With the recent release of Arc, there has been some discussion over hygienic macros. Yes, hygienic macros are usually very convenient, but they can become messy in some ‘corner’ cases. People who learn about macros in Scheme usually start with syntax-rules
, and being the limited tool that it is, they often get the impression that for advanced uses (like a macro that captures an identifier) you need to use syntax-case
which is this “really obscure thing”.
For example, say that we want to implement an if
form that is similar to Arc's if
. This is pretty easy using syntax-rules
:
(define-syntax if*
(syntax-rules ()
[(if*) (void)]
[(if* X) X]
[(if* C X more ...) (if C X (if* more ...))]))
But more important than being easy to write: it is also easy to read. In fact, the nice thing about
syntax-rules
is that you write more or less the specification of your transformation. Compare this to the specification of Arc's
if
, which appears in a comment before the definition of
ac-if
in “
ac.scm”:
; (if) -> nil
; (if x) -> x
; (if t a ...) -> a
; (if nil a b) -> b
; (if nil a b c) -> (if b c)
(Except that the comment mixes up the syntactic specification and the semantic evaluation.)
As a side note, now that we have this definition, it is easy to construct a new language that is just like MzScheme, except for its
if
that behaves like the above:
(module arc-like mzscheme
(define-syntax if* ...the above definition...)
(provide (all-from-except mzscheme if)
(rename if* if)))
You can now write code that uses
"arc-like.scm"
as its language, using the new
if
. There is no problem in accommodating two languages with two different
if
's: the new form is compiled to the old one, and there is no confusion in which version you use in any module.

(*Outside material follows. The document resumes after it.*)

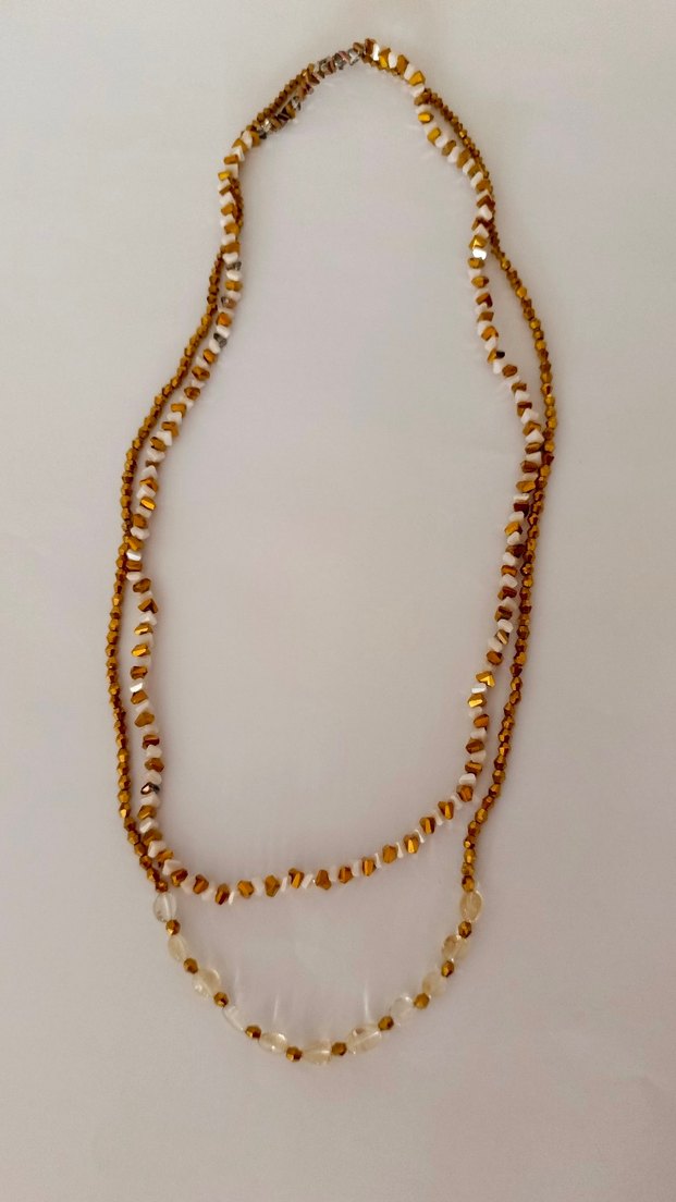 Uzun boyda, parlak altın renkte boncuklu detaylara sahip bohem tarzda, hafif batik desenli günlük kullanıma uygun kolye.

Back to the macro issue: as I said above, you run into problems if you want to capture names, right? For example, if you want to implement Arc's
aif
. The usual
syntax-case
solution is to construct an identifier that has the lexical context of the input syntax. It's easy to abstract over all this — I posted a
message on the Arc forum showing how to define a
defmac macro that has the simplicity of
syntax-rules
with the added convenience of specifying keywords and captured names. This works for
some cases, but there are still some
subtle corner cases.
But there's a better solution in PLT Scheme, one that follows Paul Graham's intuition when he
says:
“captured symbols are kind of freaky”
The basic idea is a change of perspective: instead of (unhygienically) binding individual occurrences of
it
whenever
aif
is used, you define
it
once as a thing in its own right — a special context-dependant piece of syntax. Outside of an
aif
form,
it
has no meaning: we simply make it throw a syntax error. Uses of
aif
provide a meaning for
it
by locally changing its meaning (its expansion) to something useful: the binding that holds the result of evaluating the condition expression. (“Locally” means within a piece of syntax, so the new meaning is valid in a lexical-scope.)
In PLT Scheme, the “special context-dependant piece of syntax” are
syntax parameters, and you change them locally with
syntax-parameterize
.
To continue the above example, here's how we make our
if*
anaphoric:
- require the
(lib "stxparam.ss" "mzlib")
library, - define
it
as a syntax using define-syntax-parameter
, and have it raise an error by default, - bind a temporary variable to the result of evaluating the condition,
- wrap the positive branch with
syntax-parameterize
, using make-rename-transformer
, which is a convenient way to make a macro that behaves like the new variable.
The implementation looks like this:
(require (lib "stxparam.ss" "mzlib"))
(define-syntax-parameter it
(lambda (stx)
(raise-syntax-error #f "can only be used inside `if'" stx)))
(define-syntax if*
(syntax-rules ()
[(if*) (void)]
[(if* X) X]
[(if* C X more ...)
(let ([b C])
(if b
(syntax-parameterize ([it (make-rename-transformer #'b)]) X)
(if* more ...)))]))
The resulting macro does not break hygiene. For example,
(let ([it 3]) (if #t it))
evaluates to
3
, because it shadows the global
it
that
if
changes. This is a change from a real unhygienic macro — but that's the whole point: we (the macro author) do not interfere with scopes in the user code.
Note that
(if 1 (if 2 it))
still evaluates to
2
, because the outer
if
does not really bind
it
— it is not captured, just changed locally — so the inner
if
changes it again. Also,
(if #f it it)
raises the usual context error, since our macro changes
it
only in the positive branch.